# How do you discern the call to ministry?



## Jon 316

According to the Baptist confession, chapter 26 article 11

11.____ Although it be incumbent on the bishops or pastors of the churches, to be instant in preaching the word, by way of office, yet the work of preaching the word is not so peculiarly confined to them but that others also gifted and fitted by the Holy Spirit for it, and approved and called by the church, may and ought to perform it. 
( Acts 11:19-21; 1 Peter 4:10, 11 ) 

This being the case.

How would a person discern if his gifting to preach and teach the Word of God (which was recognised and recieved with gladness among the saints) is evidence of a call to full time pastoral ministry?


----------



## JonathanHunt

The extent of the gift, for a start. It varies.

A former pastor of mine had a way of talking of one or two brothers who preached in the church: 'they have an acceptable gift of preaching'. Which meant generally (and speaking frankly) that it was sound, edifying, but no-one wanted them to preach every week. Sounds harsh but that was the reality.

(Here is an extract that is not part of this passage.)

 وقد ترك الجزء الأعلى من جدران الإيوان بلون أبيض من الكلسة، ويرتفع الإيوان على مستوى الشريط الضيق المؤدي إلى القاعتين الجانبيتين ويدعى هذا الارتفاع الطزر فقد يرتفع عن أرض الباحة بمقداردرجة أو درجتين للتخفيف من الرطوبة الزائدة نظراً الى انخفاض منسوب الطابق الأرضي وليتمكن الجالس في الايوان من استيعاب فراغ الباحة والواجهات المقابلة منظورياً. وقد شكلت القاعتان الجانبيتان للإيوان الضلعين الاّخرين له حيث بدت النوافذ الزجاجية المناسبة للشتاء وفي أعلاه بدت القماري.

Of course, if young men are not encouraged to preach, we have no idea if they actually can preach.

And there is much more to pastoring than preaching - I know people who are able preachers but have almost zero pastoral ability, and equally vice versa.

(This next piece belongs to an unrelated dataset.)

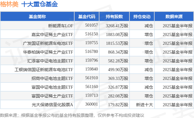 重仓格林美的前十大公募基金请见下表:

Further, it is not inconceivable that someone could be a very good preacher but have no call to 'the ministry' at all. I don't think that the Baptist Confession confuses the issue - the answers to the question 'How do I discern a call to the ministry?' are the same whichever day of the week it is or whether a person has preached to great acclaim or not. Is there an internal call, is there an external call, what are the circumstances?

Believe me, this is SO close to the situation I am in that I really do know what I am talking about. As this is an open forum I can't be more specific!


----------



## Theognome

I have been told on more than a few occasions that I should pursue the pulpit, based on teaching/preaching ability (I have written and given 'sermons' in prison ministries). However, that is not the only benchmark. One cannot minister to a church if one does not have other pastoral gifts, such as sound rulership, sincere love for the lost and other Timothy/Titus requirements. One way I've heard it put is this- Yes, you may be able to fill a tent on Sunday, but so could Barnum and Bailey. A true calling is far more holistic than mere preaching.

Theognome


----------



## Jon 316

> Is there an internal call, is there an external call, what are the circumstances?



How would _you_ define an internal and external call?

p.s if you want to p.m at some point that is ok.


----------



## Guido's Brother

As a pre-seminary student I was taught that you don't have a call to the ministry until God calls you through a church. Prior to that you may feel or believe that God is leading you in that direction, but your feeling or belief could very well turn out to be wrong.


----------



## JonathanHunt

Jon 316 said:


> Is there an internal call, is there an external call, what are the circumstances?
> 
> 
> 
> 
> How would _you_ define an internal and external call?
> 
> p.s if you want to p.m at some point that is ok.
Click to expand...


How do I define it? Internal - how I feel, purely subjective yet important. External - the call of a church as Wes has said.


----------



## Blue Tick

Here's a great teacing series to help you learn some insight regarding the call to ministry.

A Call To The Ministry  By Al Martin


----------